Full list of arguments

 -T#          : set level 1 speed objective
 -B#          : cut input into blocks of size # (default : single block)
 -S           : benchmarks a single run (example command: -Sl3w10h12)
    w# - windowLog
    h# - hashLog
    c# - chainLog
    s# - searchLog
    l# - minMatch
    t# - targetLength
    S# - strategy
    L# - level
 --zstd=      : Single run, parameter selection syntax same as zstdcli with more parameters
                    (Added forceAttachDictionary / fadt)
                    When invoked with --optimize, this represents the sample to exceed.
 --optimize=  : find parameters to maximize compression ratio given parameters
                    Can use all --zstd= commands to constrain the type of solution found in addition to the following constraints
    cSpeed=   : Minimum compression speed
    dSpeed=   : Minimum decompression speed
    cMem=     : Maximum compression memory
    lvl=      : Searches for solutions which are strictly better than that compression lvl in ratio and cSpeed,
    stc=      : When invoked with lvl=, represents percentage slack in ratio/cSpeed allowed for a solution to be considered (Default 100%)
              : In normal operation, represents percentage slack in choosing viable starting strategy selection in choosing the default parameters
                    (Lower value will begin with stronger strategies) (Default 90%)
    speedRatio=   (accepts decimals)
              : determines value of gains in speed vs gains in ratio
                    when determining overall winner (default 5 (1% ratio = 5% speed)).
    tries=    : Maximum number of random restarts on a single strategy before switching (Default 5)
                    Higher values will make optimizer run longer, more chances to find better solution.
    memLog    : Limits the log of the size of each memotable (1 per strategy). Will use hash tables when state space is larger than max size.
                    Setting memLog = 0 turns off memoization
 --display=   : specify which parameters are included in the output
                    can use all --zstd parameter names and 'cParams' as a shorthand for all parameters used in ZSTD_compressionParameters
                    (Default: display all params available)

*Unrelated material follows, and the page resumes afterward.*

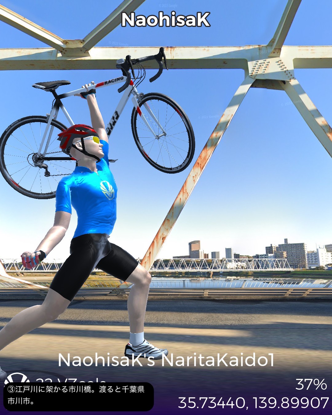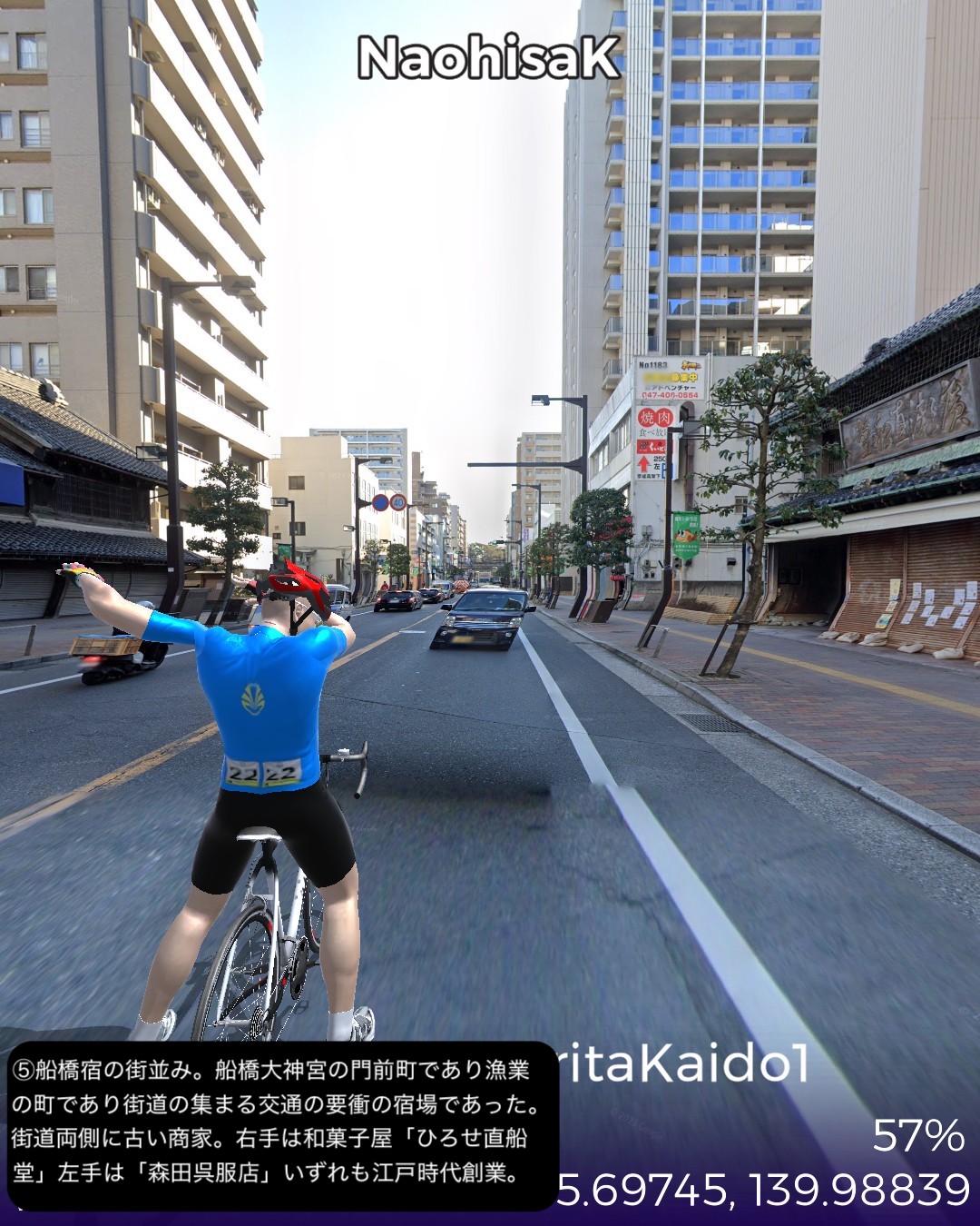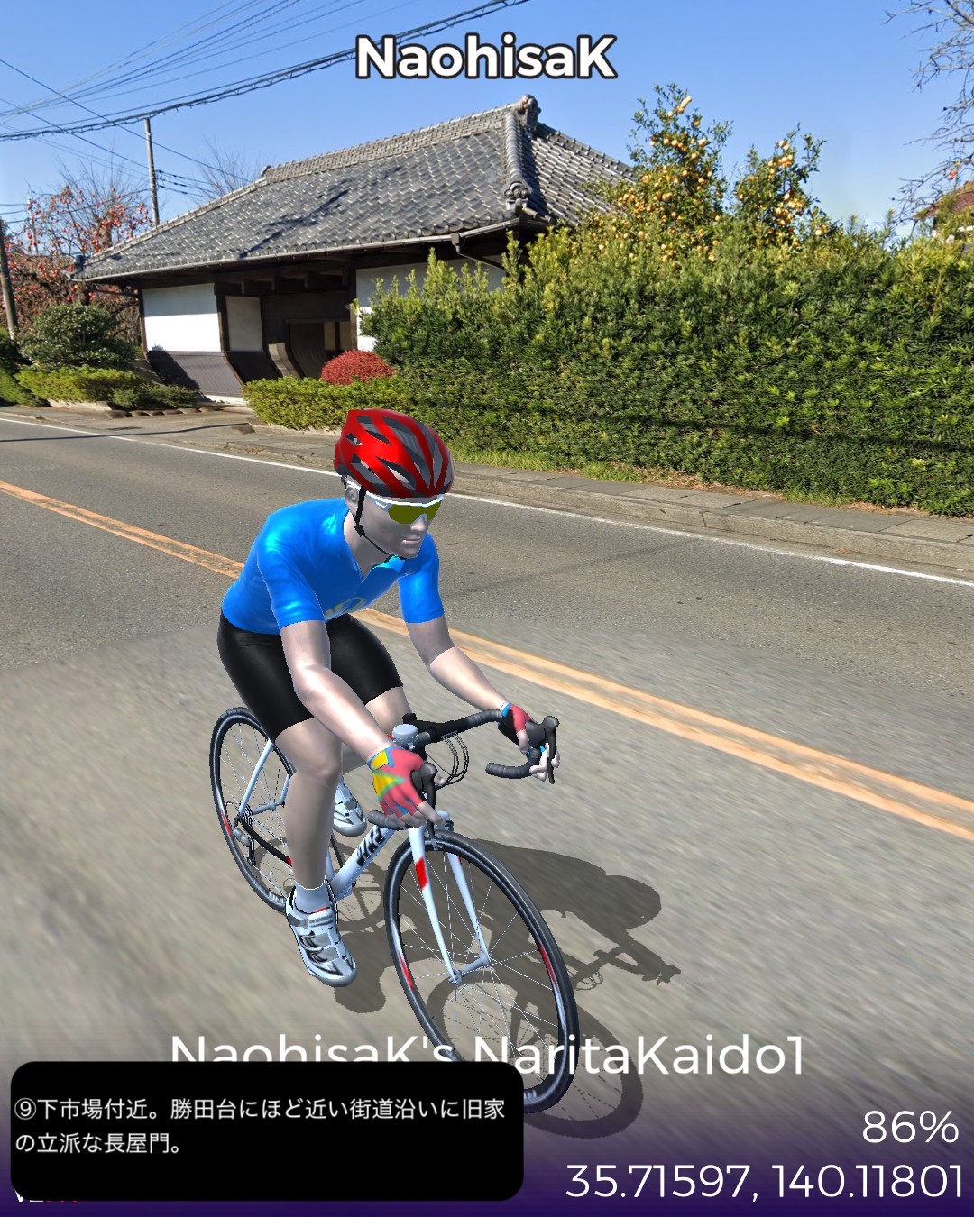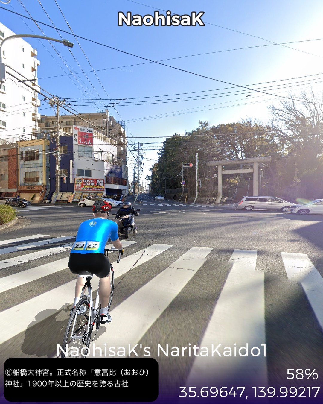 VRサイクリング しばらく千葉方面を攻める。今回は参詣と巡礼の道シリーズの続きで成田詣の参詣道であった成田街道の1日目。亀戸駅前を出発し、日光街道の宿場であった葛飾区新宿(にいじゅく)から成田街道を走る。江戸川を渡って千葉県下総国に入り関所があった市川宿、葛飾八幡宮のある八幡宿、船橋大神宮のある船橋宿を通り現代の習志野市、八千代市を抜けて佐倉市の臼井宿まで46kmの行程。成田山新勝寺に参拝する成田詣では江戸時代に大流行した。人気歌舞伎役者の初代市川團十郎が成田山の不動明王をテーマにした歌舞伎の演目が大当たりしたことがきっかけになったらしい。これにより市川家は成田屋の屋号を使うようになった。それで現在の十三代目市川團十郎も成田山新勝寺で節分の豆まきをやったりするわけだ。ともかく江戸庶民はこの成田街道を辿って成田詣でをしてきた。次回は早くも成田山に到着する。

 -P#          : generated sample compressibility (when no file is provided)
 -t#          : Caps runtime of operation in seconds (default : 99999 seconds (about 27 hours ))

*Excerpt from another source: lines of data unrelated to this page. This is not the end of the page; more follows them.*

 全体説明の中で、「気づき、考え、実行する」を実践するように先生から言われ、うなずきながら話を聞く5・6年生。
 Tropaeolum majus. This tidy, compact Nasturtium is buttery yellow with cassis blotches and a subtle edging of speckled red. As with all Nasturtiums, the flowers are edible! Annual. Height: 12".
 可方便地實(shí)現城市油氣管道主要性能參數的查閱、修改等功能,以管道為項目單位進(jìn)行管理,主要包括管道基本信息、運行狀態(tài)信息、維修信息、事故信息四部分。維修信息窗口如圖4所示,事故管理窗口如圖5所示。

 -v           : Prints Benchmarking output
 -D           : Next argument dictionary file
 -s           : Benchmark all files separately
 -q           : Quiet, repeat for more quiet
                  -q Prints parameters + results whenever a new best is found
                  -qq Only prints parameters whenever a new best is found, prints final parameters + results
                  -qqq Only print final parameters + results
                  -qqqq Only prints final parameter set in the form --zstd=
 -v           : Verbose, cancels quiet, repeat for more volume
                  -v Prints all candidate parameters and results

Any inputs afterwards are treated as files to benchmark.